7. The National Fund warrants that it has not assigned, hypothecated or otherwise transferred any alleged claim or cause of action against the Debtors or Reorganized Debtor to any other person or entity. To the extent that any claim may be brought against the Debtors or the Reorganized Debtor by persons or entities claiming by, through or under the National Fund on the basis that the National Fund has assigned, hypothecated or otherwise transferred any alleged claim or cause of action against the Debtors or Reorganized Debtor to such person or entity, the National Fund agrees to indemnify and hold the Debtors and the Reorganized Debtor harmless from any damages, liabilities, obligations, costs or expenses (including reasonable attorneys’ fees) or reasonable settlement payments to the extent relating to, arising out of, or resulting from the National Fund’s breach of the foregoing warranty, if any.

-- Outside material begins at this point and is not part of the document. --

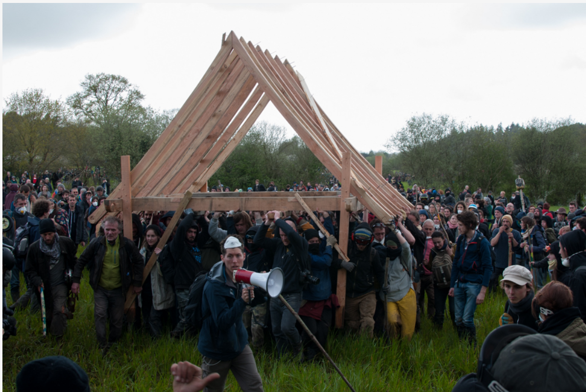
Le transport de la charpente du nouveau Gourbi, le 15 avril.

Ce commun-là est notre force, il est ce pour quoi nous nous battons ici, ce pour quoi nous nous battons encore très bientôt. Il est ce à quoi nous devons être fidèles, quelle que soit notre situation administrative. Mais il n'est rien sans un territoire. Il est aussi géographique qu'historique, ancré dans ce bout de bocage jusqu'au bout des ongles. Il n'y a pas de commun en soi sans les moyens de sa réalisation, sans les lieux d'organisation qui lui donnent toute son amplitude. Ce commun-là ne se transporte pas plus ailleurs que les animaux menacés qu'ils voulaient « déplacer ». Il appartient à ce territoire-là, il est enfant de ce mouvement-là, il est son héritage autant que son présent, en actes. C'est pour cela que nous luttons contre l'anéantissement de la Zad, parce que ce qui vit ici ne vivrait pas ailleurs. Parce qu'il n'existe en France aucun autre endroit partagé réellement par tout un mouvement de lutte, par des milliers de personnes ayant traversé ensemble des batailles, des espoirs, des désillusions, et y ayant survécu. Tant que cette lueur éclairera les talus et les fossés du bocage, nous combattons pour elle.

8. The National Fund, on its behalf and on behalf of any of its respective successors, assigns, affiliates and any other party claiming through any of them (the “National Fund Releasors”), for good and sufficient consideration, the receipt of which is hereby acknowledged, hereby absolutely and forever, releases and discharges the Reorganized Debtor, the Debtors, the Debtors’ estate, and any of their respective former or current representatives, administrators, officers, directors, employees, advisors, attorneys and agents (collectively “Eagle Release”) from any and all actions, claims, counterclaims, suits, charges, demands, debts, liabilities, damages, judgments, extents, executions, accounts, sums of money, rights of setoff and recoupment, reckonings, obligations, controversies, losses and causes of action of every kind and nature whatsoever, whether or not known or suspected at this time, which the National Fund Releasors, or any of them have, ever had, owned or held or hereafter shall or may have against the Eagle Releases or any of them, based upon or arising out of any event, occurrence, act or omission existing from the beginning of time through the date of the execution of this Stipulation and Agreed Order; provided,however, that nothing herein shall constitute a release or discharge of any obligations under this Stipulation and Agreed Order or the Settlement Agreement.
9. The Bankruptcy Court shall retain jurisdiction and shall be the selected venue to hear, address and adjudicate any disputes arising under this Stipulation and Agreed Order.